All completely wrong? You must have had a bad day. I'm pretty sure I mentioned that I had little experience with SW flow simulation specifically. To clarify, I only had 1 hour personal hands on training where it's me on a computer with SW Flow Simulation implementing my own ideas in order to get a feel of optimizing a model for pressure, temperature, speed of pipe flow that has nothing to do with ball valves. I'm aware that the product, like every product, has limitations in what it's capable of and these capabilities change over time.

I would love to know more about the flow simulation from SW which was what the original question was about rather than Mentor Graphics FloEFD.

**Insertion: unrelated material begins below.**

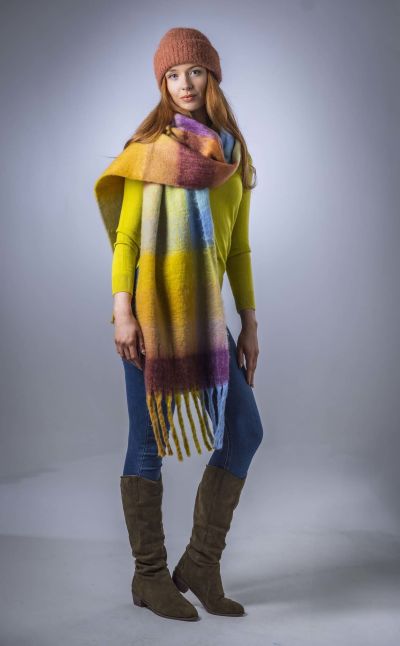 SCAR-236 | SCAR-236 Colour Block FoMo Blanket Scarf - Purple/Yellow/Blue multi | Login to see prices | 5 | In Stock | |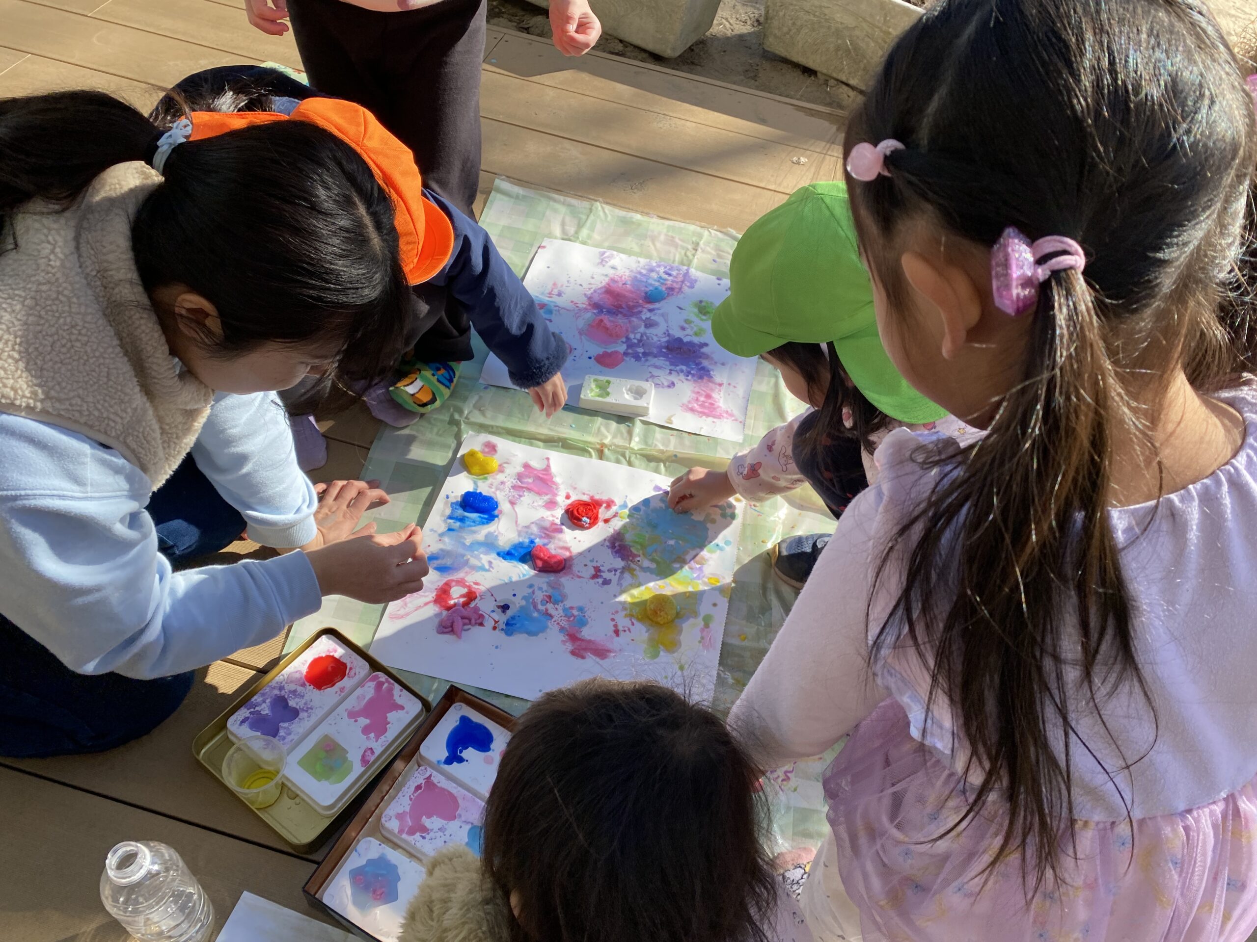 - 前の写真の作品は、これらの風船と絵の具との組み合わせで、ひとり一人のオリジナルなのです。

Personally I'm biased in favor of SW because I already use the mechanical, drafting, and modeling aspects on a regular basis. Adding the ability to optimize flow in and around models I already have in an interface I'm already familiar with is appealing. Personally, having programmed meshers and simulations from scratch, I think the FloEFD is a cleaner way of meshing. The SW products I use are not the most stable software when the user is interacting with the software, but I've never had any must reboot the program issues during a stress analysis regardless of run time. I'm assuming the same with the flow simulation analysis. It's a small annoyance, just make sure you save your work often.

The understanding I got from SW personnel when I specifically asked about meshing was that there are only 2 meshing libraries used in SW products. One is for their paid products, the other is a crippled version that is implemented in trial software. So the meshing library used behind a SW mechanical analysis or SW flow analysis is the same. There could, admittedly, be different parts of the SW mesher used or accessible by some SW products and not others...

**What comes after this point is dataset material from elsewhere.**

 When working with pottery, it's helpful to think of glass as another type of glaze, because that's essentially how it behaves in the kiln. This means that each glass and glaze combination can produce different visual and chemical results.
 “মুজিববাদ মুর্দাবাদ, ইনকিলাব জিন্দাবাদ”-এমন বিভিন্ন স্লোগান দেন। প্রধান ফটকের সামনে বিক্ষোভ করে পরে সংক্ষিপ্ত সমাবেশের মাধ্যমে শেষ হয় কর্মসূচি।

One of the best things to do would be to contact a reseller and present them with a case you'd like to solve. In most normal circumstances they will have seen similar cases and either have or know someone who runs SW with that expertise. You can get a quote in the meantime which is probably a larger deciding factor if all you're concerned about is if SW can work with compressible fluids.

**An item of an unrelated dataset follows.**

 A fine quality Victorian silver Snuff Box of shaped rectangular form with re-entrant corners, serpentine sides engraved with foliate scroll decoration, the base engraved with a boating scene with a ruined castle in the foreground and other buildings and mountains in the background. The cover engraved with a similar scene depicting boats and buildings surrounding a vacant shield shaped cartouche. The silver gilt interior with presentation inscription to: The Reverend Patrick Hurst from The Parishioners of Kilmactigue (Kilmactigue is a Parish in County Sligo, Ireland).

Another main deciding factor would be what are you currently using to create models and do you intend to continue using that software? You can get more out of SW flow simulation if your model uses a SW model with SW parametric features.

Are you intending to do basic research or optimization of components or networks? You might get more out of SW flow simulation if you're doing optimization.

If you're doing longer runs, do you have the capability of splitting a flow simulation across a network? I'm pretty sure SW is still not able to split a job across a network, some other CFD packages can. I think you're still limited to a single computer.

Do you intend to have porous media, heat transfer, moving parts controlling flow, particles controlled by flow, transient, transonic, or supersonic flow? This is probably doable and in some specific cases made very easy/simple to implement.

Do you intend to model multiphase flow, heavy particles interacting with flow, phase transitions other than steam, combinations of fluid flow with plastic deformations, or chemical reactions? You may not be able to do so with SW flow simulation depending on what your specific needs are.

[Boris_M]

Hi aeriform,

As I mentioned "I'm sorry" because I read the thread and it sounded mostly like all negative comments from people who haven't used it enough to get the experience of the capabilities. That kind of made me mad as I try not to say anything about a product that I don't know except I don't like it because ... and not it cannot do this and that although it might be able to do it and I just don't know it because I barely used it.
I'm sorry if you felt attacked and I don't want to say rather buy FloEFD than SWFS. It is as I said a large portion the same product with some less capabilities in SWFS but still capable of most of the tasks you might need for pipe flow.
I was also referring to the valve because that is the first tutorial model that comes with the software and of course not the most suitable one to show the more complex and sophisticated things that can be done with the software.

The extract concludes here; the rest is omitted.